More prisons and more judges are urgently needed. But many authorities fear that the maximum conceivable increase would not do much good; without some reduction in drug demand, the problem will simply remain too big. Says Carlton Turner, drug adviser to Ronald Reagan: "If this initiative of the President's becomes (only) a law-enforcement initiative, it's dead."

DRUG TESTING

The New Inquisition

President Reagan had his urine tested in August for evidence of drug use. Students in Hawkins, Texas, who hope to participate in extracurricular activities this fall have begun to do the same. So will many college and professional athletes, policemen, stockbrokers, soldiers, power-company linemen and applicants for jobs ranging from executive to mill hand, keeping laboratories working day and night. With an enthusiasm that critics charge borders on hysteria, officials at all levels of government and private business are seizing on drug testing as one idea that offers real hope of containing the narcotics plague.

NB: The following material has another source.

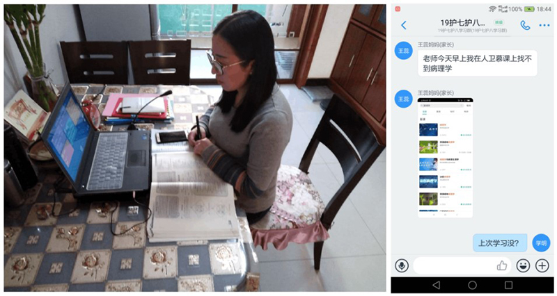 護(hù)理系教師陳調(diào)調(diào)利用釘釘群組織學(xué)生在線交流

; The theory is simple: mass testing poses far more of a deterrent to drug use than the rather remote threat of going to jail. If people know they will have to pass a urine test in order to get or keep a good job -- or join a sports team or stay in school or whatever -- they are less likely to dabble with drugs. Employees who fail can be steered toward treatment programs, under an implied or explicit threat of being fired if they refuse. Look, for example, at what happened in the U.S. armed forces after they intensified random mass urine tests four years ago. In 1980, when tests were infrequent, 27% of some 20,000 military personnel surveyed admitted that they had used drugs during the previous 30 days; in a comparable confidential survey last year, the proportion dropped to 9%. Says Julian Barber, a Pentagon health official: "The word has gone out to the 2.2 million men and women in uniform. If you want to stay in, stop taking drugs."